This post explores what makes agentic loops (where AI iteratively tests, debugs, and refines its own code) so powerful via a hands-on experiment: implementing a complete flexbox layout algorithm in just 3 hours by giving an AI agent the right feedback mechanisms and letting it work autonomously. Along the way, I share thoughts about designing effective loops, coaching agents through iterations, and when this approach works best.
This journey started a few days ago when I read a post by Emil Stenstrom, which described how he had built a no-dependency Python HTML5 parser, leaning heavily on coding agents.
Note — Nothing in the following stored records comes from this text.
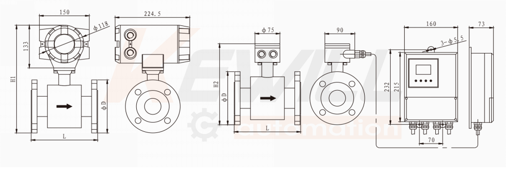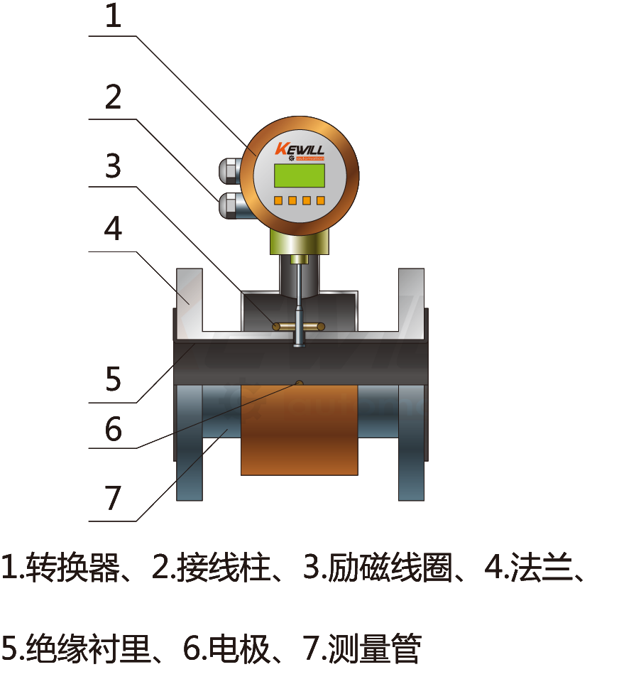 測(cè)量流量時(shí),導(dǎo)電性液體以速度V流過垂直于流量方向的磁場(chǎng),導(dǎo)電性液體的流動(dòng)感應(yīng)出一個(gè)與平均流速成正比的電壓,其感應(yīng)電壓信號(hào)通過二個(gè)或二個(gè)以上與液體直接接觸的感應(yīng)電極檢出,并通過電纜送至轉(zhuǎn)換器通過其智能化處理,實(shí)現(xiàn)流體瞬時(shí)流量、積累流量的顯示及流量數(shù)據(jù)與控制系統(tǒng)之間的通訊。測(cè)量管內(nèi)無活動(dòng)及阻流部件,因此幾乎沒有壓力損失,并且有很高的可靠性。
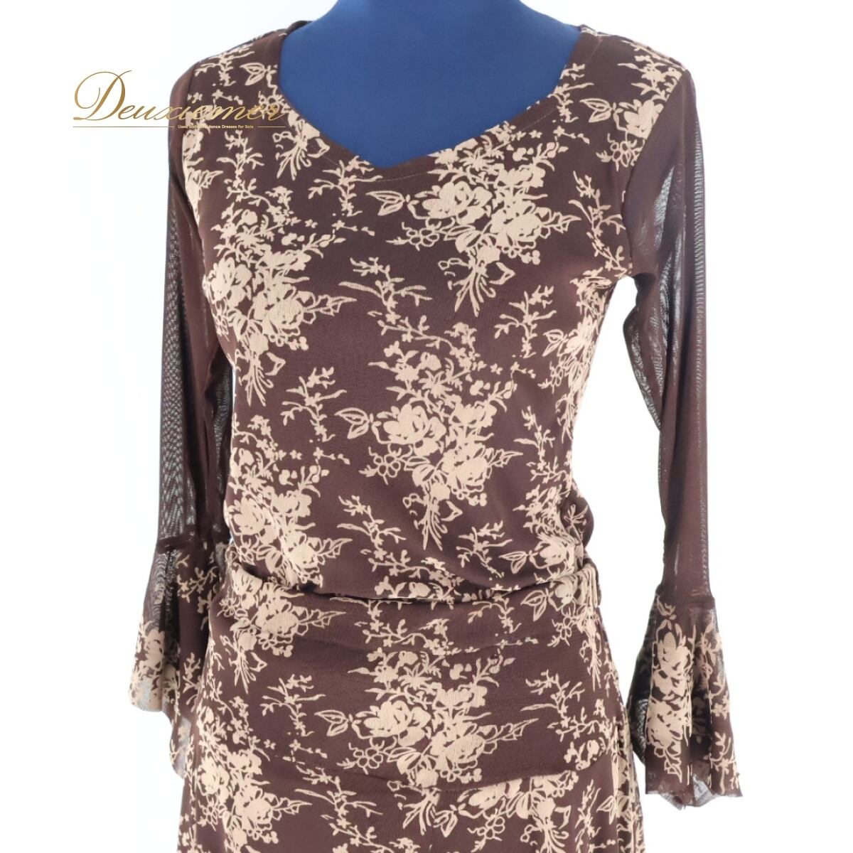 #社交ダンス #社交ダンス衣装 #ダンス上下セット #ブラウントップス #ブラウンスカート #茶色コーデ #花柄デザイン #フリル付き #レース生地 #ラメ入り #練習着 #レッスンウェア #華やかスタイル #大人っぽい #落ち着いたカラー #美品 #上品ファッション #映える衣装 #ダンス衣装 #ダンスコスチューム #ステージ衣装 #古着 #中古 #ENUTSU
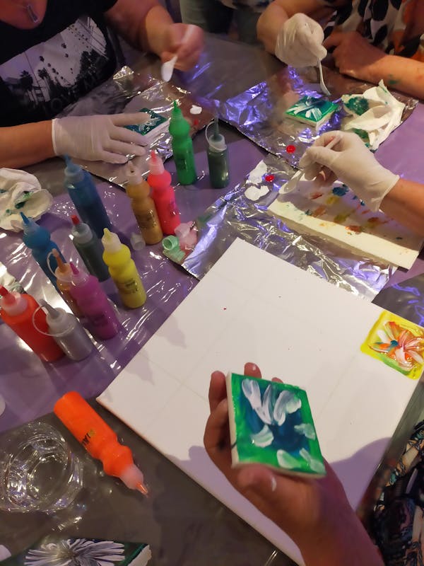 Als je een groter schilderij wilt zou je thuis kunnen kiezen voor een groter canvas en grotere lepels.
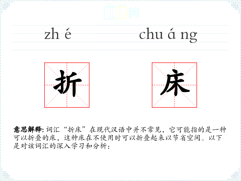 词汇“折床”在现代汉语中并不常见,它可能指的是一种可以折叠的床,这种床在不使用时可以折叠起来以节省空间。以下是对该词汇的深入学习和分析:

Not only was he able to build the parser quickly, it was more accurate than many other implementations, scoring a perfect 100% on the reference test suite.
An impressive results, especially given the following quote:
After writing the parser, I still don’t know HTML5 properly
Emil’s post is an excellent example of the power of agentic loops.
What is an agentic loop?
Pre-2025 when using LLMs to write code we were reliant on their ability to emit working code in a single pass (one shot) based on a prompt and additional context. As LLMs have become more advanced they can often emit 10s or 100s of lines of code and get it right first time, however, the more code you ask them to ‘one shot’, the more likely it is to be wrong. Furthermore, in unfamiliar or complex domains this limit is reached sooner.
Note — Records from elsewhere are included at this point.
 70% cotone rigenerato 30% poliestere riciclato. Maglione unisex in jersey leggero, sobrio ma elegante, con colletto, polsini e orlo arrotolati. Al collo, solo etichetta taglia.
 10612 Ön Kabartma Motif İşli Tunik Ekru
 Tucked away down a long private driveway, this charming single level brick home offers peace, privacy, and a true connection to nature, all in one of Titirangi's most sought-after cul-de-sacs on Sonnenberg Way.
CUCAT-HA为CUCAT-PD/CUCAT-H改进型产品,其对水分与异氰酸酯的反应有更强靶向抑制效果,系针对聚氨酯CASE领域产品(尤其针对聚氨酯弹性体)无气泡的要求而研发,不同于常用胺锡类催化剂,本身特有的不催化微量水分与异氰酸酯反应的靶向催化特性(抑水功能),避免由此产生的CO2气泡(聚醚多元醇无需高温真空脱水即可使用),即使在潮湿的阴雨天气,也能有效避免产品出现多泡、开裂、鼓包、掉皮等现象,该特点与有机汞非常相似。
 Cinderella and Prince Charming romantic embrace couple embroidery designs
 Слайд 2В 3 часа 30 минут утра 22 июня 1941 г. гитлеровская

How much code can you write in your editor and be sure that it is correct without running it? Personally I’d struggle to get beyond 5 lines of code - I’m very impressed by the ‘one shot’ ability of LLMs.
An agentic loop is where you supply a reasoning LLM with a goal, provide it with tools that allow it to evaluate its progress towards that goal, then allow it to iterate until the goal is eventually met.
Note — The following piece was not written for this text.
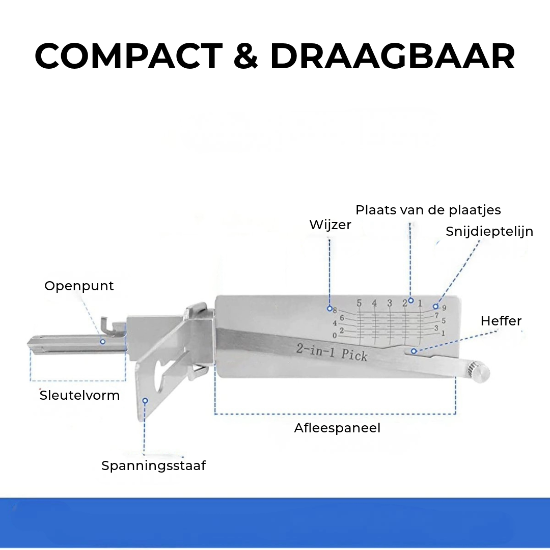 - Intuïtieve bediening zorgt ervoor dat iedereen, ongeacht ervaring, elk slot snel en effectief kan openen
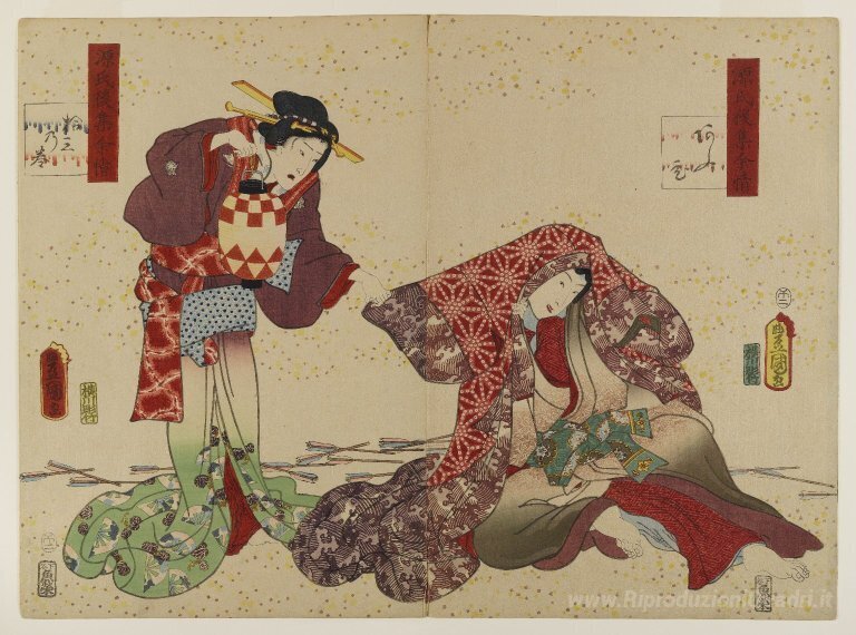 Ti offriamo una riproduzione artigianale su tela dell'opera famosa 'Genji' di Utagawa Kunisada, dal Museo delle Riproduzioni.

The advantage of an agentic loop, versus one shot, should be quite obvious. It directly mimics the way that we work when developing software. Think, write code, execute, verify (optionally debug) then repeat.
Simon Willison considers designing agentic loops to be a critical skill. I very much agree.
Implementing flexbox
I was eager to gain first hand experience in creating agentic loops, but rather that write an HTML parser I wanted to find a different problem to tackle.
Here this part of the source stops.